Ищите связь... - Владимир Архипенко
Шрифт:
Интервал:
Закладка:
И вот эти-то чрезвычайной важности сведения Думанов вез в Петербургский комитет, который даже не подозревал о том революционном взрыве, который через несколько дней должен был по воле балтийских матросов потрясти всю Россию. Никто из Гельсингфорсского ревкома не посмел доверить эти сведения бумаге, даже прибегнув к шифру. Думанову предстояло передать их устно, при соблюдении строжайших правил конспирации.
В случае ареста он обязан был начисто забыть все то, о чем знал, и вести себя так, чтобы ни одна жандармская ищейка не могла даже учуять, что имеет дело с человеком, имеющим такую информацию.

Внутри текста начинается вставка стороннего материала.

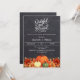 Um fundo castrado rústico. Decorado com abóboras e flores laranja e amarelas. Personalize e adicione os detalhes da festa. Script de texto: Grateful e abençoado.

В Мальме в вагон сел еще один пассажир. Думанов слышал его разговор с кондуктором сквозь неплотно прикрытую дверь в купе. Кондуктор объяснял, что в вагоне полно свободных мест, можно занимать любое. Но пассажира это предложение не устраивало.
— Голубчик, — слышался его тонкий голос, — ну посудите сами: в такую слякотную погоду — ехать одному? Это ж с тоски скиснуть…
— Позалуйста, — отвечал с заметным финским акцентом кондуктор, — могу предложить вам второе купе, где едет один пассазир. Ну, только вы сами смотрите, как вам попутчик показется…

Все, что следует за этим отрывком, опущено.